The mix of coastal and inland tracks in southwestern WA provides an almost unlimited number of options for hiking, regardless of your time frame or level of ability.
In Margaret River, the Cape to Cape hike hugs nearly 70 miles of rugged coastline from Cape Leeuwin to Cape Naturaliste, and can be walked as smaller sections if clients don’t fancy taking on the entire route. We spotted dolphins skimming through the waves just metres off the beach, and paused along the clifftop to watch whales and their calves out at sea, as the sun set over the water.
“We spotted dolphins skimming through the waves just metres off the beach, and paused along the clifftop to watch whales and their calves out at sea.”
For a change of scenery inland, the three-day walk from Pemberton to Northcliffe offers an opportunity to walk through the towering karri forest and past the famous Gloucester Tree, a 61-metre tree historically used as a fire lookout. You can climb all the way to the top, but for those without a head for heights, it’s still an impressive experience to try a few rungs.
The real holy grail for long-distance hikers here, though, is the Bibbulmun Track, which starts near Perth, winding its way through towering forests, quiet farmland and wild beaches before reaching Albany more than 600 miles later. The track is split into sections of varying lengths for those who don’t want to commit to 60 days of hiking.
If that’s too much of an undertaking, there’s the often-forgotten but far more manageable Bald Head Walking Track from Albany, which brings with it an opportunity to spot migrating humpback whales just off the south coast between June and October.
With more than 12,900 miles of coastline, there is plenty to do on and around the water, too. Down south, surfers flock to Dunsborough to enjoy the swell when the surf is ‘on’. Basing themselves in Yallingup, bare-footed, salty-haired locals prowl the coast to hunt out the best surf, so the best advice is to follow them to the hidden spots in the area. Sharks can be spotted here, but the risk is low provided you follow guidelines and safety notices.
Heading back north, Monkey Mia is famed for its wild dolphins, which live in the marine park and come in to the beach to feed in the mornings (an entry fee of £7 applies). From here, tour boats also take visitors out to see manatees and manta rays.
“A pair of goggles is all you need to float out, gaping at the electric blue shades of staghorn coral, coral trout, clown fish and reef sharks.”
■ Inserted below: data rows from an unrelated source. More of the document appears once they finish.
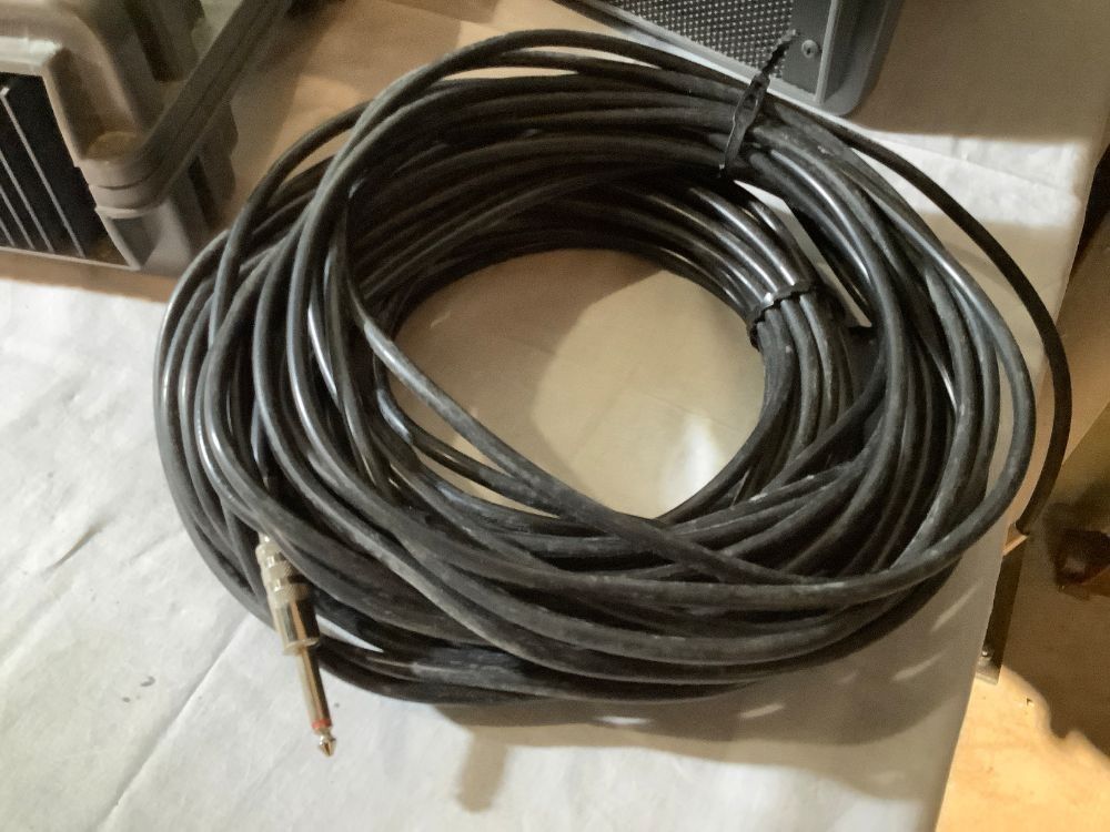 The set is functional with 2 speakers, 2 jack cables of approximately 14 metres and a 2.4 metre power cable. Good condition.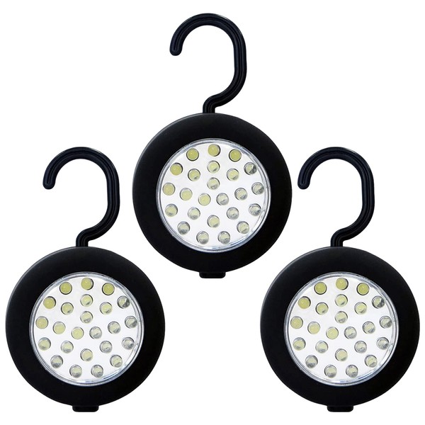 DSYJ 24 LED Round Magnetic Work Light Torch With Integral Hook And Magnet Set, Pack of 3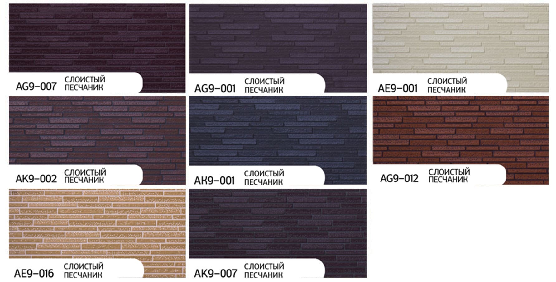Панели слоистый песчаник: AG9-007, AG9-001, AE9-001, AK9-002, AK9-001, AG9-012, AE9-016, AK9-007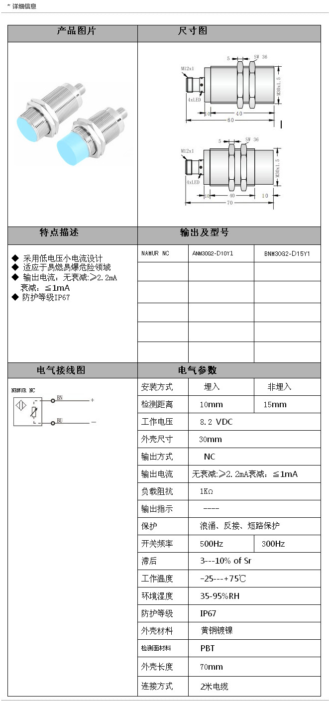 產(chǎn)品: 瀏覽次數(shù):350ANM30G2-D10Y1,BNM30G2-D15Y1,接插式M30本安接近開關(guān)

The Ningaloo Reef is remarkably well preserved and a real hidden gem for snorkelling. Starting at Coral Bay, the reef lies metres off the beach; a pair of goggles is all you need to float out, gaping at the electric blue shades of staghorn coral, coral trout, clown fish, reef sharks and no end of other colourful sea life.
To spot or swim with the magnificent whale sharks, or indeed humpback whales, you’ll need to take an organised tour (trips with the Exmouth Diving Centre start at £221). The reef is highly regulated, and operators use spotter planes to ensure a high success rate of swimming alongside them without affecting their natural swimming patterns. We swam next to six different whale sharks, each for a few minutes at a time. Touching wasn’t allowed, but tours generally have an official photographer to record the special moment alongside these gentle giants – the perfect way to remember a trip to WA.
Walk Into Luxury offers walking trips along the Bibbulmun and Cape to Cape tracks with luxury accommodation at the end of the day. Prices start at about £1,379 for a four-day Bibbulmun Track Albany & Denmark Icons trip. The operator pays 10% commission.
Intrepid Travel has a 10-day Perth to Broome Overland trip that explores WA’s desert landscapes, national parks and spectacular Coral Coast. Prices start at £875 including four nights’ hostel and five nights’ camping accommodation, all meals, transport, most activities and a guide throughout. Flights are extra.